Clubs also build shared ‘more in common’ local identities that can break down ‘them and us’ barriers in polarised or segregated communities. A majority (80%) of those who attend live games see their local professional football club as an important part of their local identity, and nearly four in ten people (37%) who don’t regularly attend games agree.

The Shared Goals research highlights that football as a sport must meet certain conditions to realise its potential to connect diverse communities. Importantly, instances of prejudice – often spread online by a toxic fringe toward players and fans – show that ongoing efforts are needed to ensure an inclusive atmosphere and welcoming culture in the terraces.
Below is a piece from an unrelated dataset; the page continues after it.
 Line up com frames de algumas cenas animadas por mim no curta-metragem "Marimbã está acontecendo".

The sport has come a long way in pushing hatred to the margins over the past thirty years but polling reveals a public appetite for further progress. In particular, more people from ethnic minority backgrounds feel racism and discrimination gets too little attention (40%) than feel it gets the right amount (27%) or too much (8%). Three in ten ethnic minority ‘armchair fans’ (30%) also say they would be interested in going to watch more live matches at their local club, but that they worry that the atmosphere is not welcoming to people from different ethnic, faith or social backgrounds.

Yet where clubs do visibly and proactively look to welcome people from all walks of life, and emphasise their stadiums as places where everyone can belong, this can help to change hearts and minds: both those of their fans and the wider population in the towns and cities where they are based. Shared Goals sought to test this with two clubs: Brentford FC in West London and Huddersfield Town AFC in West Yorkshire. British Future partnered with the two clubs and consulted fans and local people from different backgrounds, to produce campaigns that encouraged social connection and a shared, inclusive pride in the clubs.
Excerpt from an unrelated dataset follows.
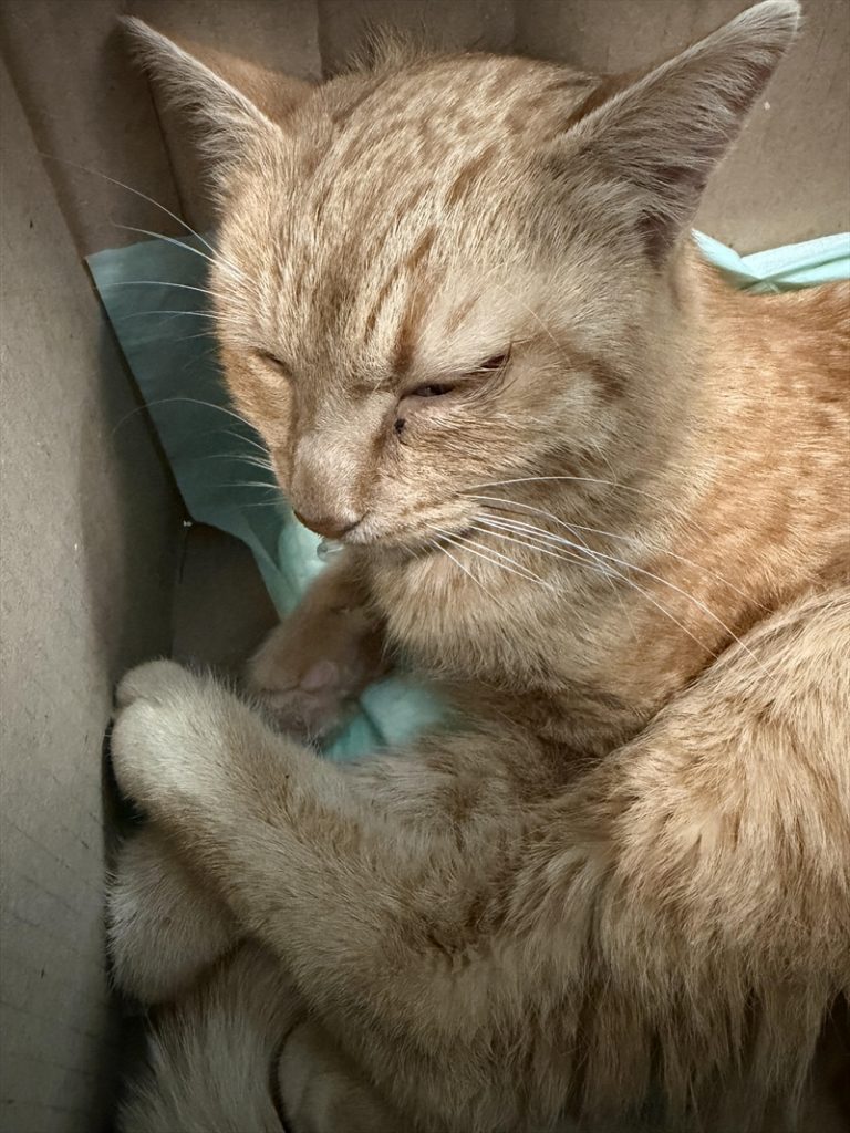 Pronašla sam mačku koju je udario auto kraj cesta. Bila je zbunjena, smušena, bez vidljivih otvorenih rana, ali je vrlo vjerojatno zadobila potres mozga. Dovela sam ju doma, preživila je noć. Ne jede, ne pije, samo spava i još uvijek je van sebe. Maca je jako mršava.

These campaigns were evaluated and shown to harness the power of a club’s identity to create a sense of local pride that everyone could feel a part of. The videos were tested in a split-sample survey with fans, where half of survey respondents were shown the video, and the other half not. In both cases, those shown the video were more likely to agree that people of different ethnic and faith backgrounds in their area share an inclusive sense of local identity, compared to the control group. In Huddersfield, the more segregated of the two areas, the video also helped improve attitudes towards immigration and led to a modest positive shift in attitudes to diversity.

This research has shown what’s possible from clubs, to harness their powerful local profile to connect communities. However, there is now a role for other clubs and league bodies to learn from and build on this. The report points to upcoming opportunities on the horizon that can harness football’s audience. In particular, the 2028 Euros, hosted by the UK and Ireland, fall neatly in the same year not only of Windrush 80, but also the 50th anniversary since Viv Anderson became the first black player to represent England. Shared Goals calls for a major campaign to mark this occasion, to celebrate the contribution of England’s Black players to the sport, involving efforts from clubs to recognise the stories of their own players and fans over the years. Those interested should contact the Windrush 100 Network to learn more about upcoming plans.
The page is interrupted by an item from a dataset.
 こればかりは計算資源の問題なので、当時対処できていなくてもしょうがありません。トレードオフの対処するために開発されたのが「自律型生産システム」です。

Our society can often feel more divided  than any of us would want. Yet this increases the value of those wonderful parts of our culture that connect and enthral us across our differences in background and political opinion. Above all, football teaches us the importance, through successes and defeats, of sticking together as a team.  Shared Goals looks at the lessons that this sense of togetherness can bring for sport and society, and the steps that clubs, leagues and policymakers can apply to forge more common ground through ‘the beautiful game’.